◆ Task statement
Using the listing below, output only the lines from the one that contains "3.路线:茶马古城旅游小镇广" through the one that contains "اسامی متسابقان نخستین", inclusive, exactly as given and without images.

◆ Available records
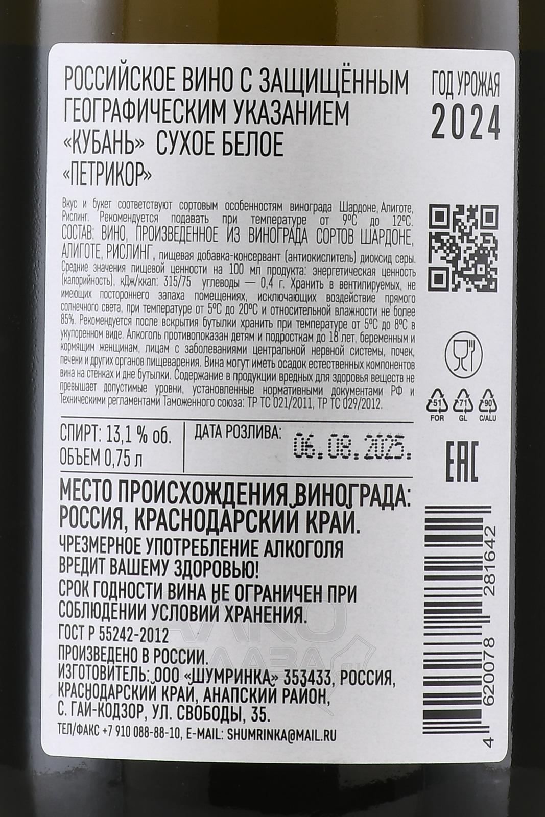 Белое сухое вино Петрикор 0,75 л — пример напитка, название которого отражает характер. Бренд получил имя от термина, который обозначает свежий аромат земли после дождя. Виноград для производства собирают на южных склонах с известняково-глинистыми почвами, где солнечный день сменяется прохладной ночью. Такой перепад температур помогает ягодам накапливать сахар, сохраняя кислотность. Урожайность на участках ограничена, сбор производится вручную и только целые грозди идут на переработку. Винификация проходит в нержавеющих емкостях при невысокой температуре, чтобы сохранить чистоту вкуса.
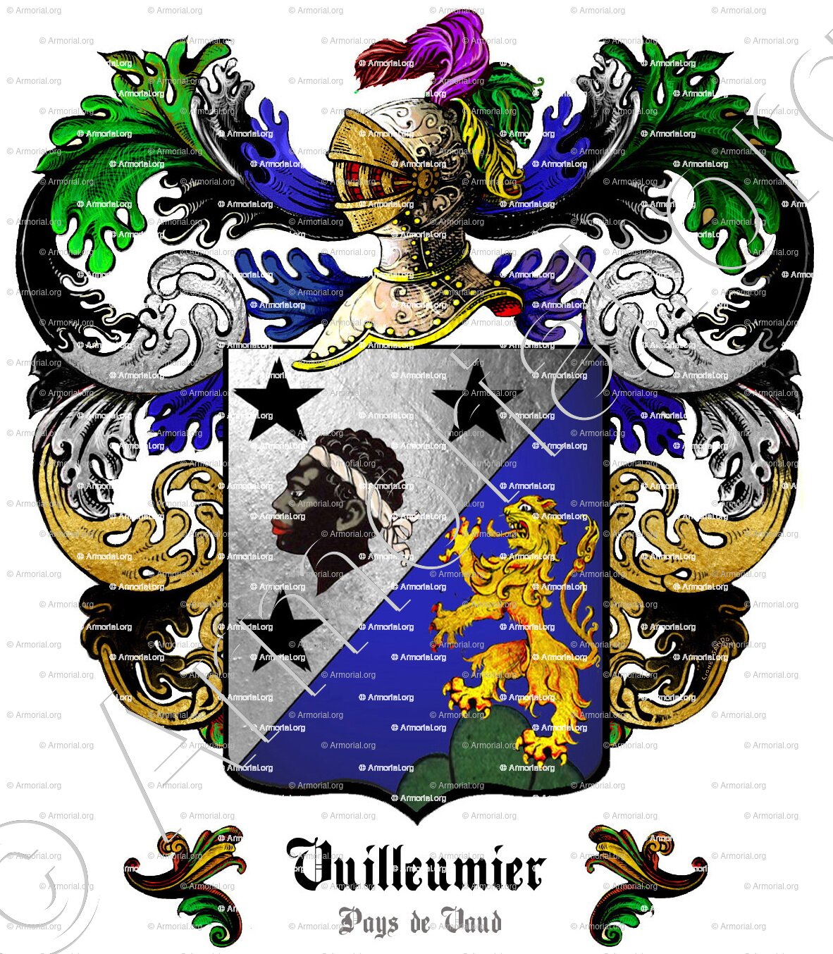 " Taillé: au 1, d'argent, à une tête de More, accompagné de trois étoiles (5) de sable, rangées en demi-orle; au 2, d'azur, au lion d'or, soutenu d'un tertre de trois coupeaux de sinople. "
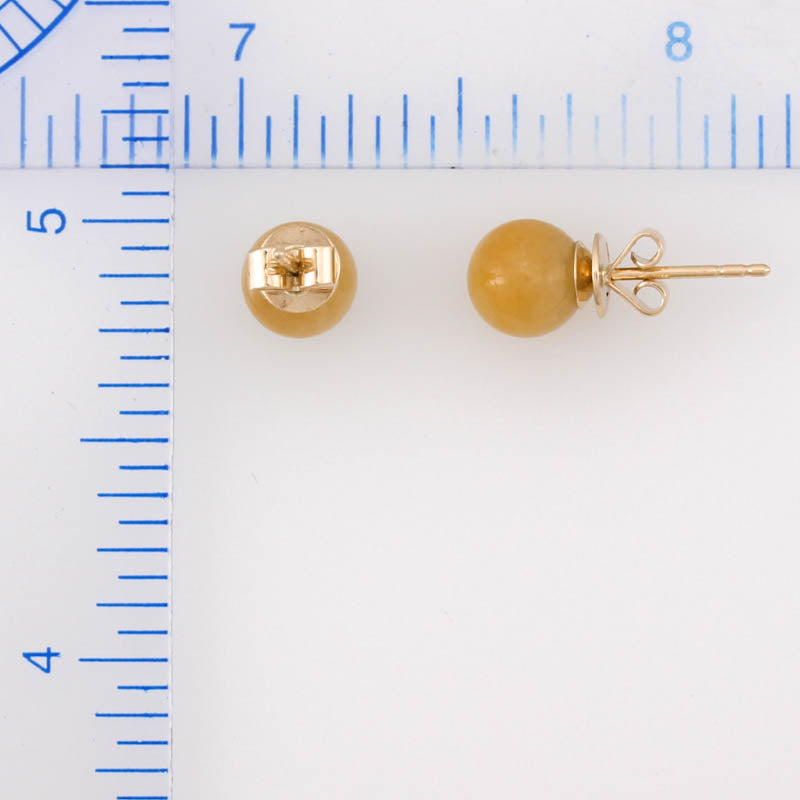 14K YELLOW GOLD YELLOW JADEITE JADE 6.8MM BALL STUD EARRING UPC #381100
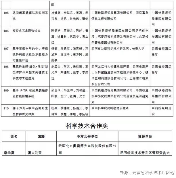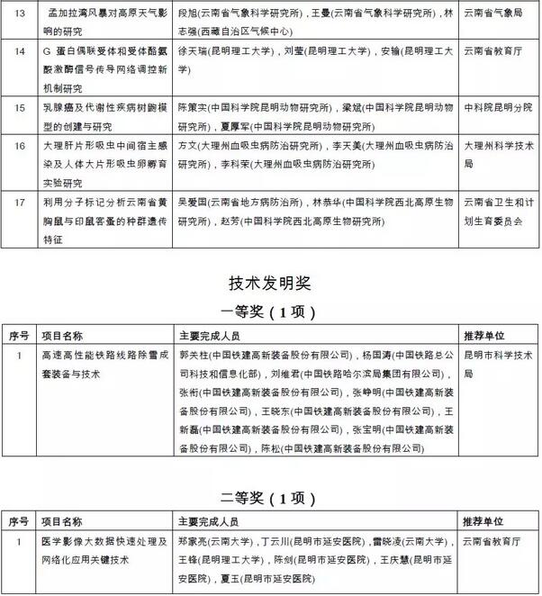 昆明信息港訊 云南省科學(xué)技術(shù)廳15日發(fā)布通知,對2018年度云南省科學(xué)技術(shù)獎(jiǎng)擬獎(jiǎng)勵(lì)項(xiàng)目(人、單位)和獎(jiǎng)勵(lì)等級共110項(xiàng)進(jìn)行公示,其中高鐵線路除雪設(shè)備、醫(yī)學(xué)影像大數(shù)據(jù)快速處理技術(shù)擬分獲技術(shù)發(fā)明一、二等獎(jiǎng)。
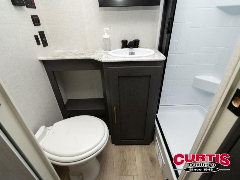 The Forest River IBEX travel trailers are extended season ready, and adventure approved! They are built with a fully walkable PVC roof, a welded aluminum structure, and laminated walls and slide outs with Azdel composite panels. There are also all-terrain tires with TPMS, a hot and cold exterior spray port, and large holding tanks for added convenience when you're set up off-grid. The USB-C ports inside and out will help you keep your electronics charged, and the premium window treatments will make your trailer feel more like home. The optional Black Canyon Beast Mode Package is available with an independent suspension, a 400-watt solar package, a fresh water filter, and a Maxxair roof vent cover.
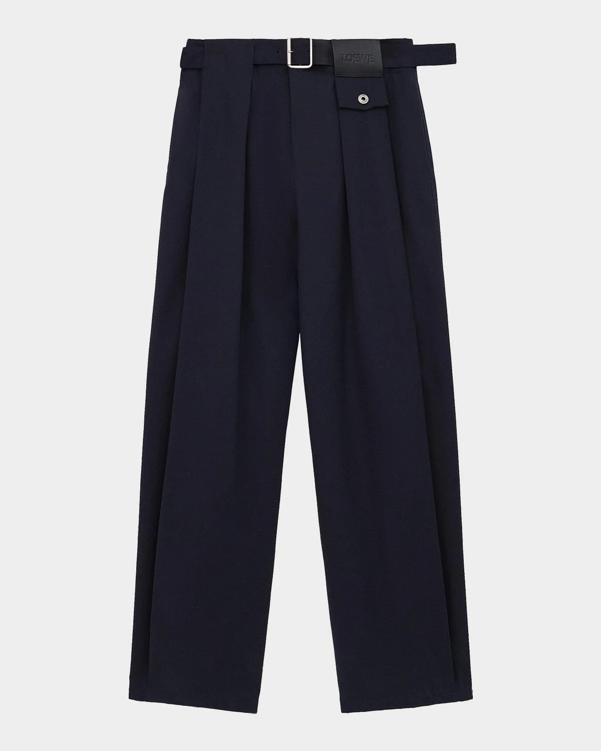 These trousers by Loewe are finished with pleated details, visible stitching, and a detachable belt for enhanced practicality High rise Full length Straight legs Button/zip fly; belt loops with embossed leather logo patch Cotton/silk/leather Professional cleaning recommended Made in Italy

* * *

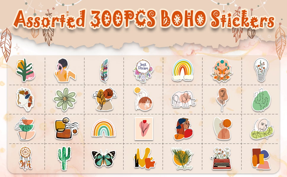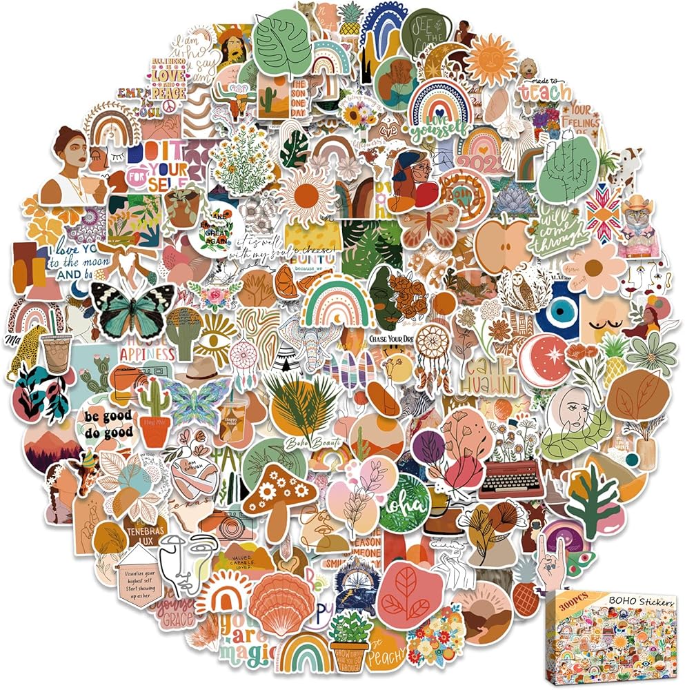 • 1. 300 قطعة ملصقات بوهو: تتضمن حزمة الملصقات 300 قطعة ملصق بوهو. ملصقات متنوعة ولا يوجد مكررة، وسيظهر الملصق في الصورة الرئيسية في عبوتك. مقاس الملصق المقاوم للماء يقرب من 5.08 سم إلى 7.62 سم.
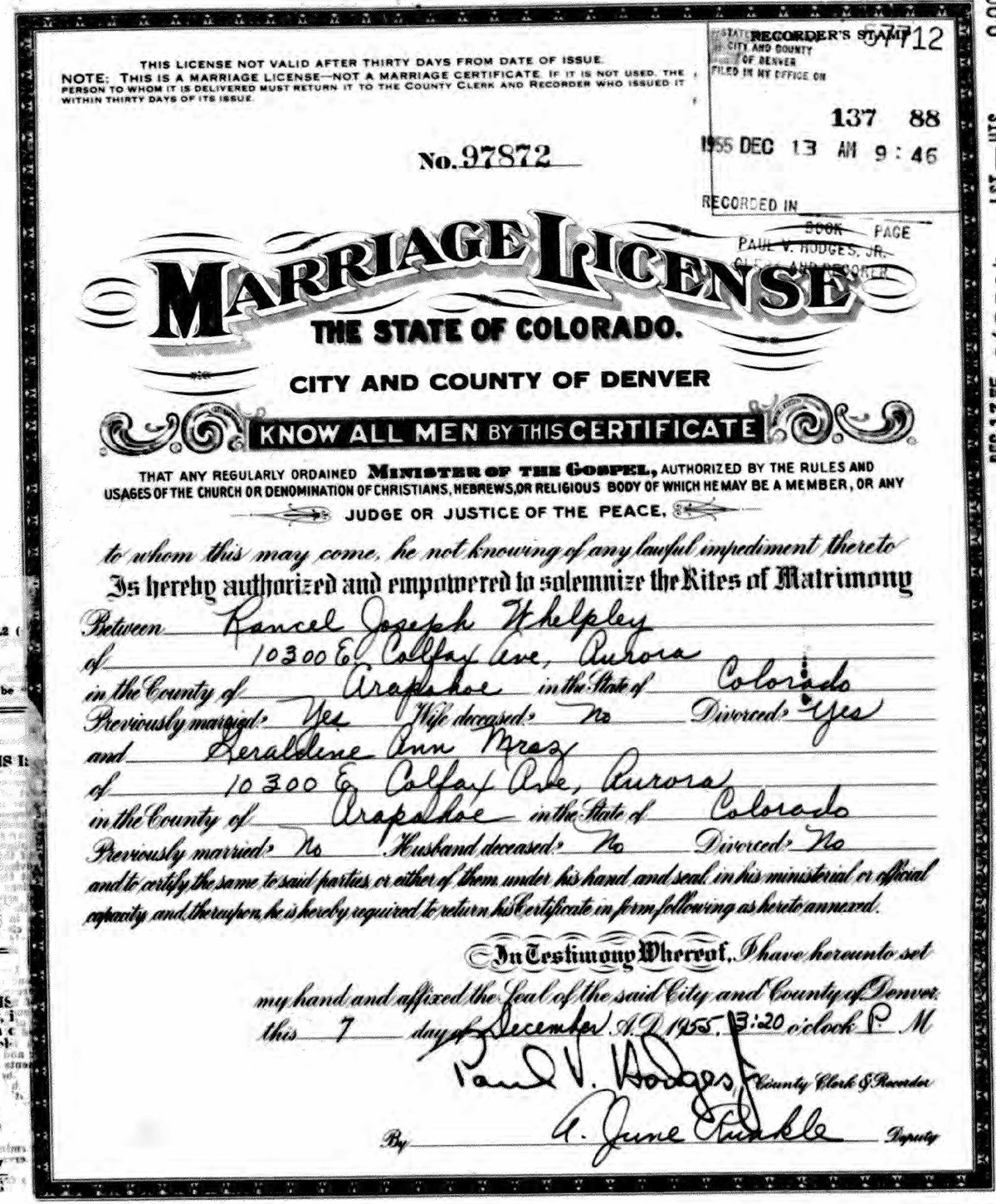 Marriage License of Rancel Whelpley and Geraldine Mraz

---

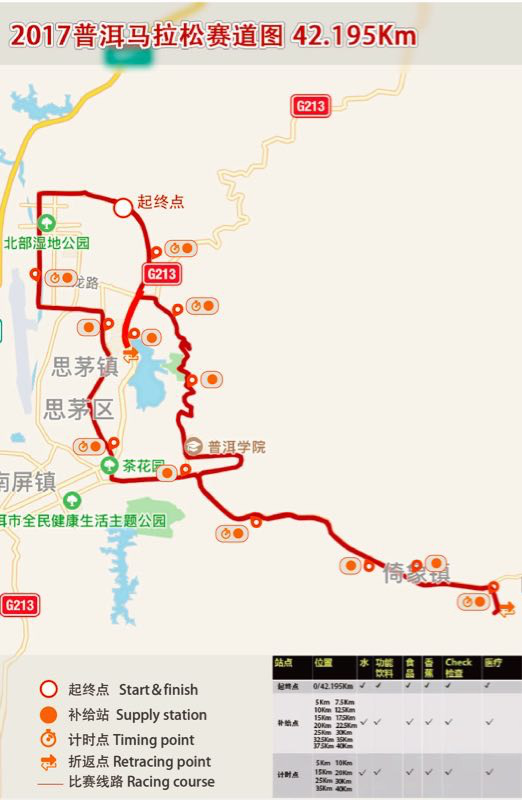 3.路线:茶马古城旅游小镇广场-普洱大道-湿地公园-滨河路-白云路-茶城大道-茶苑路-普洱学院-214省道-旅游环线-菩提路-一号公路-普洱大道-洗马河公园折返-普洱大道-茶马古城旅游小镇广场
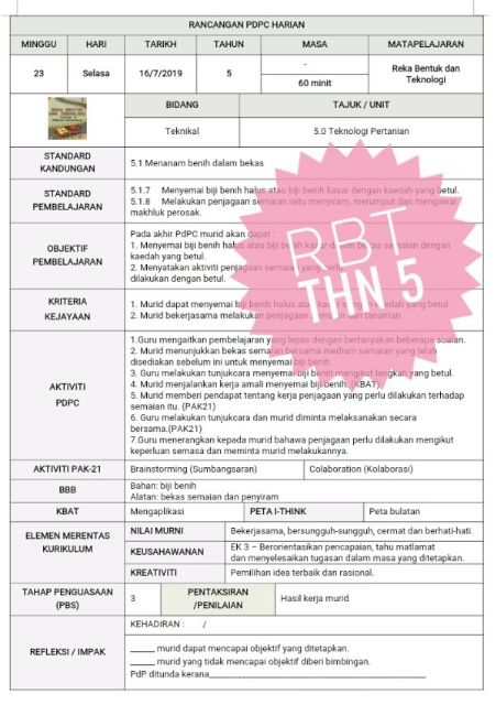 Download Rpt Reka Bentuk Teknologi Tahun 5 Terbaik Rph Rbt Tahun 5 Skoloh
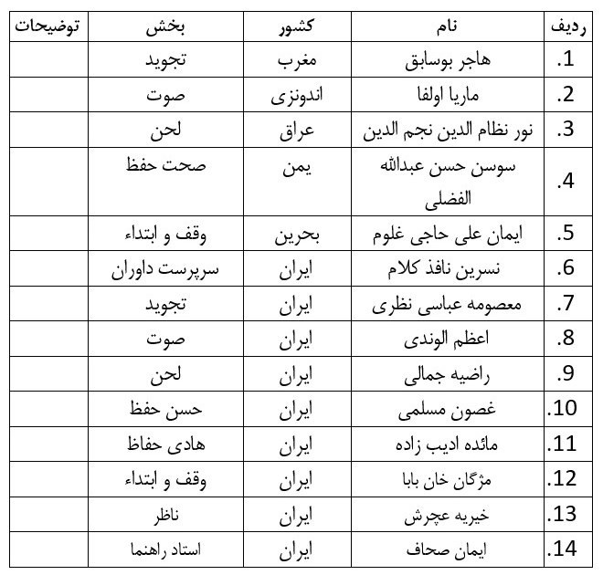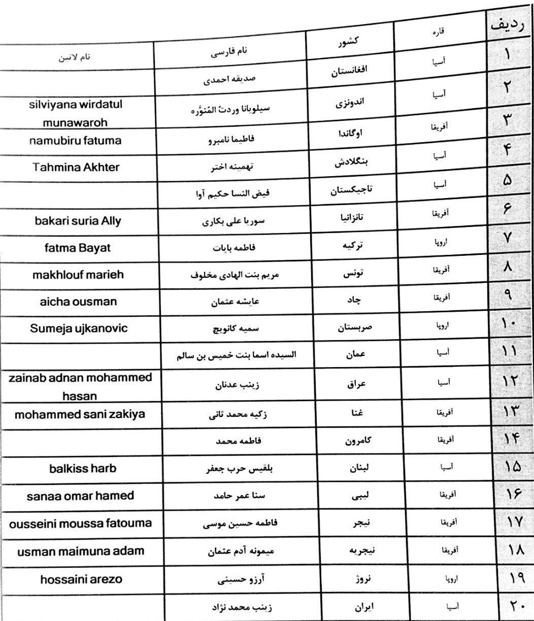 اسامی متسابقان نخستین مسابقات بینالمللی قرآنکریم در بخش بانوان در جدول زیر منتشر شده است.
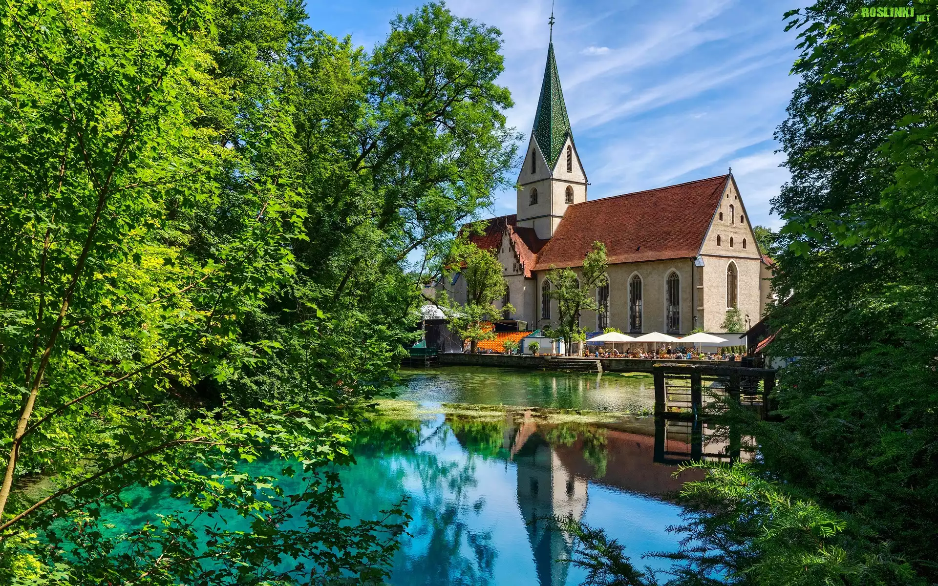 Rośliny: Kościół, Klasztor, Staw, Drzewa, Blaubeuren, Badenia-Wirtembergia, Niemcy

◆ Response
 3.路线:茶马古城旅游小镇广场-普洱大道-湿地公园-滨河路-白云路-茶城大道-茶苑路-普洱学院-214省道-旅游环线-菩提路-一号公路-普洱大道-洗马河公园折返-普洱大道-茶马古城旅游小镇广场
 Download Rpt Reka Bentuk Teknologi Tahun 5 Terbaik Rph Rbt Tahun 5 Skoloh
 اسامی متسابقان نخستین مسابقات بینالمللی قرآنکریم در بخش بانوان در جدول زیر منتشر شده است.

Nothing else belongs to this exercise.